# WORK REQUIRED:
Please print nothing but the lines from the one with "Рейтинг бомбардирів." to the last line of the records below, and omit pictures.

# SUPPLIED ENTRIES:
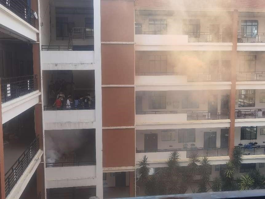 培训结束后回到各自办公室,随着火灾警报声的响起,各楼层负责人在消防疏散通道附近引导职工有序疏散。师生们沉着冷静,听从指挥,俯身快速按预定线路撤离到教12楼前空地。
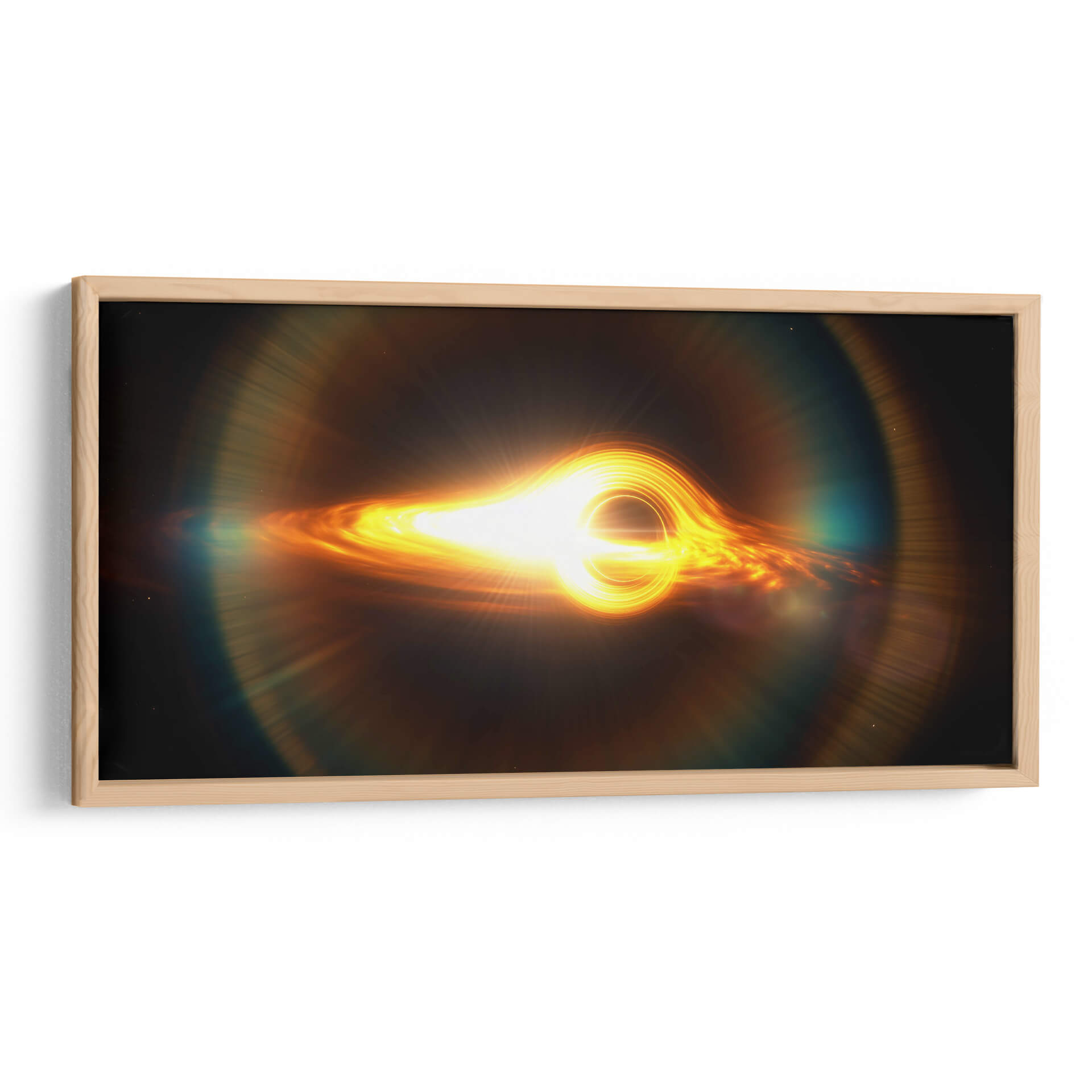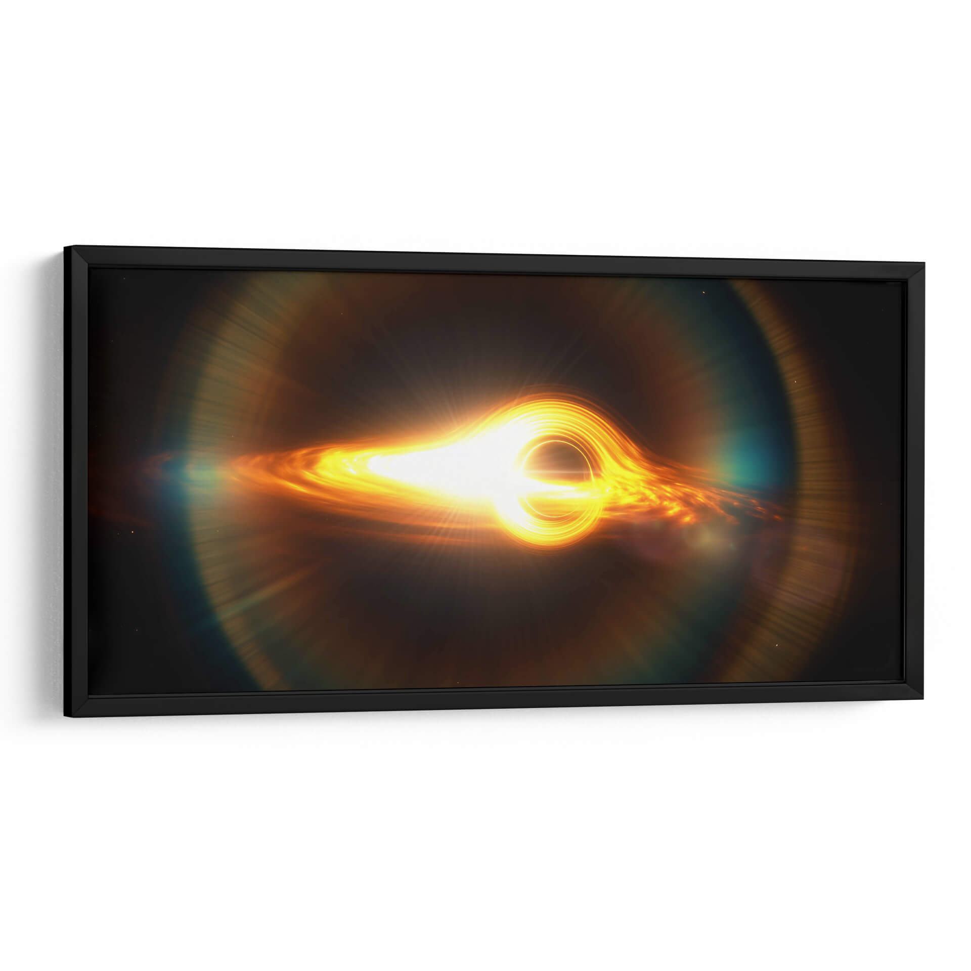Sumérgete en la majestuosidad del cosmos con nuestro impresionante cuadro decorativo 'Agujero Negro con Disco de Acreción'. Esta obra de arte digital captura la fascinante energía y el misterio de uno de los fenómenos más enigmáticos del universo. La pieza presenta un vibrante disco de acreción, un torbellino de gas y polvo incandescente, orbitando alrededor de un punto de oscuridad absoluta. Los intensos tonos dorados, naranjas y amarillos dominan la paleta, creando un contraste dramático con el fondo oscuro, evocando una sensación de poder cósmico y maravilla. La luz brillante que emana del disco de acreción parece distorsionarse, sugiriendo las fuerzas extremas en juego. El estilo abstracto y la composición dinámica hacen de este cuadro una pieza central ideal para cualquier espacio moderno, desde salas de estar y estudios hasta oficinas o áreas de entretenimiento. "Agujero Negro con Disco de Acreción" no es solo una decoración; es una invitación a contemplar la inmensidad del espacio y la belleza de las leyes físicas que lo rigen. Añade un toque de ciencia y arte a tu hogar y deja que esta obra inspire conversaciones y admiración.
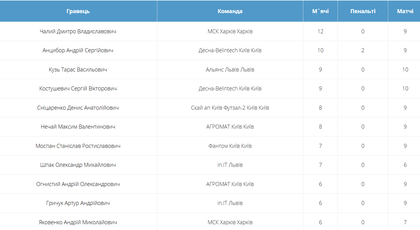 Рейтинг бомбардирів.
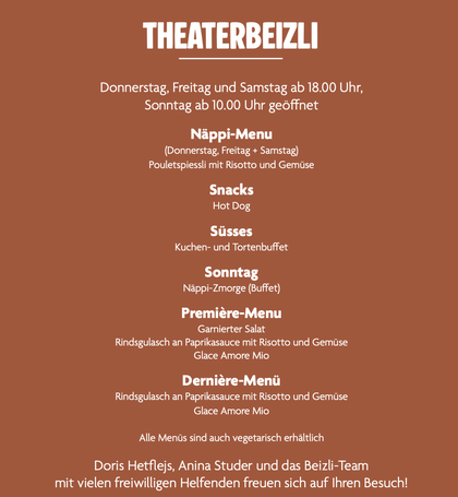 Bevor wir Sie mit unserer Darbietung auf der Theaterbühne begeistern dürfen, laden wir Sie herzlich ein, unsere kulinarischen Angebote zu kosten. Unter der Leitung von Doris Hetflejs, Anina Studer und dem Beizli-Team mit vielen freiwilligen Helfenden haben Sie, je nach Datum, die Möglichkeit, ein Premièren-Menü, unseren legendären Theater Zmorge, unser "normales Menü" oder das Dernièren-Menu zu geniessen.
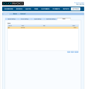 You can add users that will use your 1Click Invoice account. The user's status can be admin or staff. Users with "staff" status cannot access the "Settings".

# EXERCISE SOLUTION:
 Рейтинг бомбардирів.
 Bevor wir Sie mit unserer Darbietung auf der Theaterbühne begeistern dürfen, laden wir Sie herzlich ein, unsere kulinarischen Angebote zu kosten. Unter der Leitung von Doris Hetflejs, Anina Studer und dem Beizli-Team mit vielen freiwilligen Helfenden haben Sie, je nach Datum, die Möglichkeit, ein Premièren-Menü, unseren legendären Theater Zmorge, unser "normales Menü" oder das Dernièren-Menu zu geniessen.
 You can add users that will use your 1Click Invoice account. The user's status can be admin or staff. Users with "staff" status cannot access the "Settings".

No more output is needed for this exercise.